Exercise: Word for word, restate the listing that follows and leave out the images.

The data:
◇ ◇ ◇ ◇ ◇ ◇ ◇

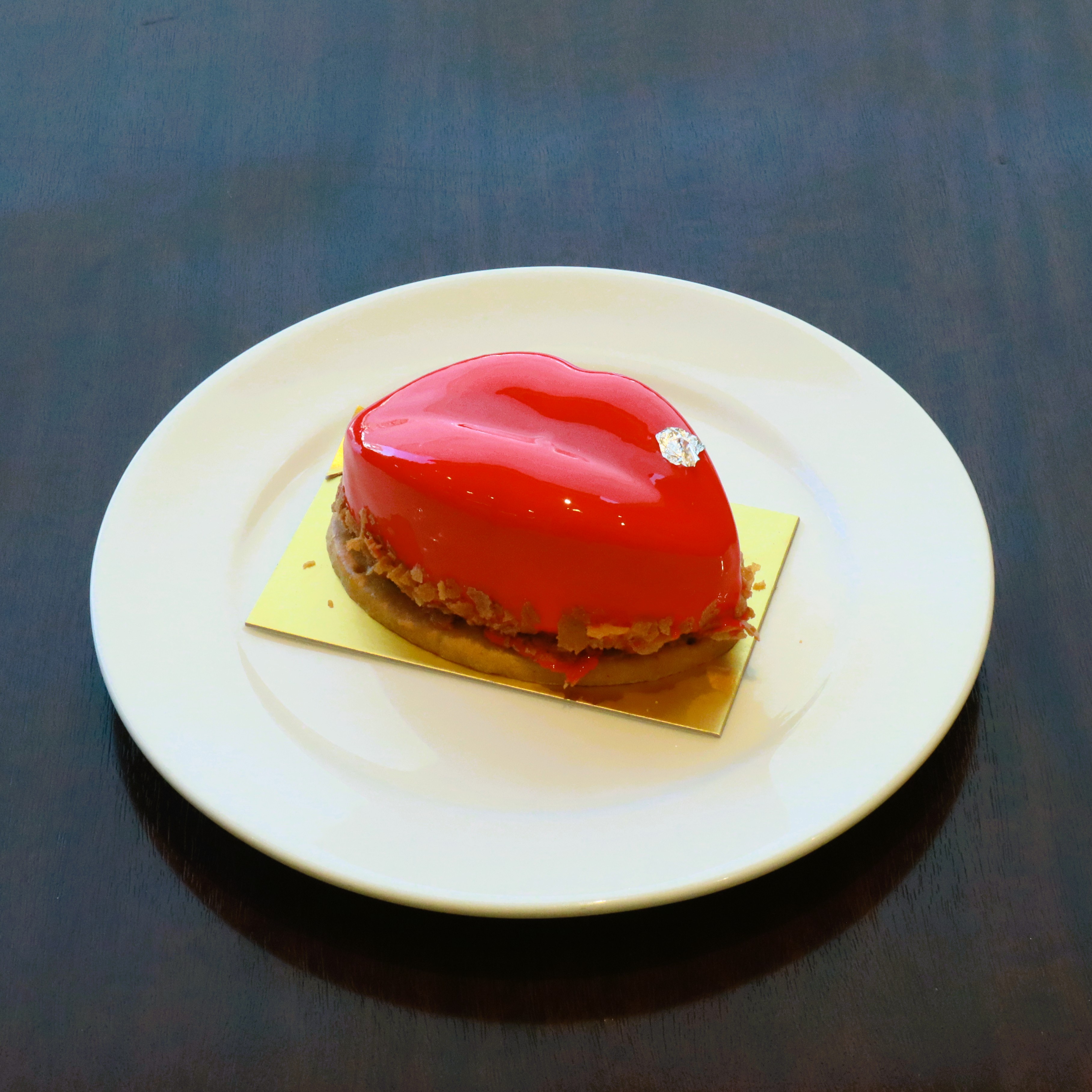 いちごとホワイトチョコレートのクリーム、サクランボのコンフィ、バニラのクリームを重ね、いちごのグラサージュで鮮やかに彩りました。
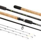 Le blank de cette Green Arrow 360 90-140g est noir mat. Il est assez épais à la base de la poignée car c'est un modèle puissant, permettant de lancer de gros feeders bien plombés ou des cages remplies d'amorce assez lourdes. Cette canne est destinée à la pêche des grosses brèmes et surtout carpes et carpeaux. Le blank est fabriqué à partir d'un carbone haut module.
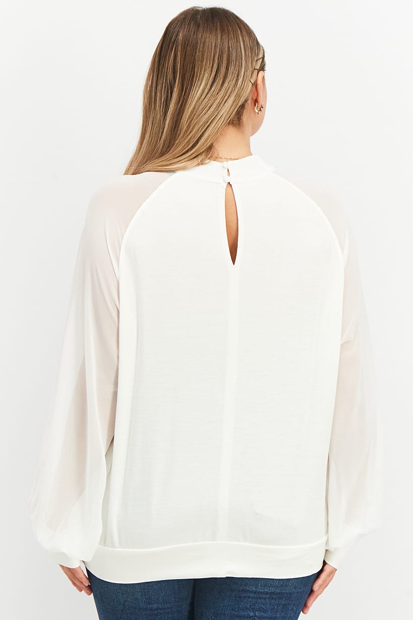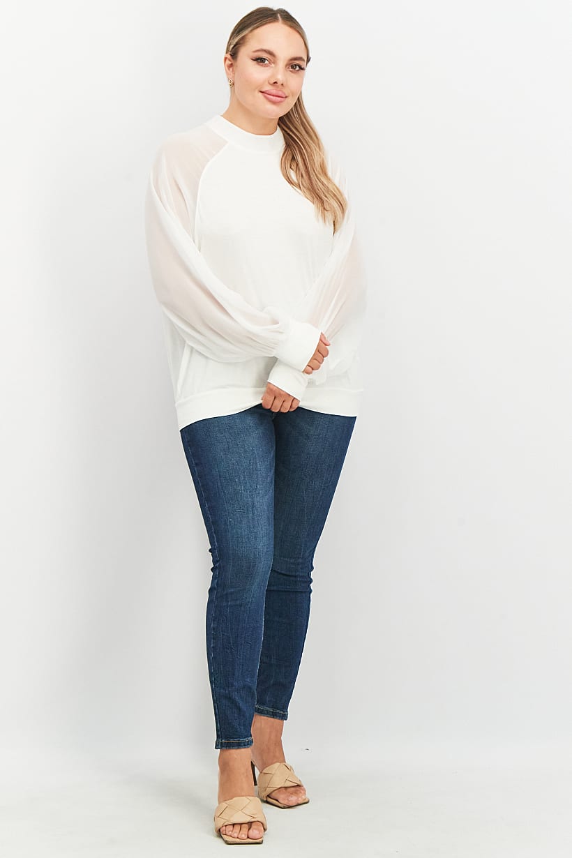 | nameOriginal | Women Mock Neck Long Sleeve Plain Top, White |
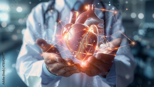 The doctor holds in his hands a hologram of a human heart. Concept of cardiology and innovative technologies.

◇ ◇ ◇ ◇ ◇ ◇ ◇

Expected output:
 いちごとホワイトチョコレートのクリーム、サクランボのコンフィ、バニラのクリームを重ね、いちごのグラサージュで鮮やかに彩りました。
 Le blank de cette Green Arrow 360 90-140g est noir mat. Il est assez épais à la base de la poignée car c'est un modèle puissant, permettant de lancer de gros feeders bien plombés ou des cages remplies d'amorce assez lourdes. Cette canne est destinée à la pêche des grosses brèmes et surtout carpes et carpeaux. Le blank est fabriqué à partir d'un carbone haut module.
 | nameOriginal | Women Mock Neck Long Sleeve Plain Top, White |
 The doctor holds in his hands a hologram of a human heart. Concept of cardiology and innovative technologies.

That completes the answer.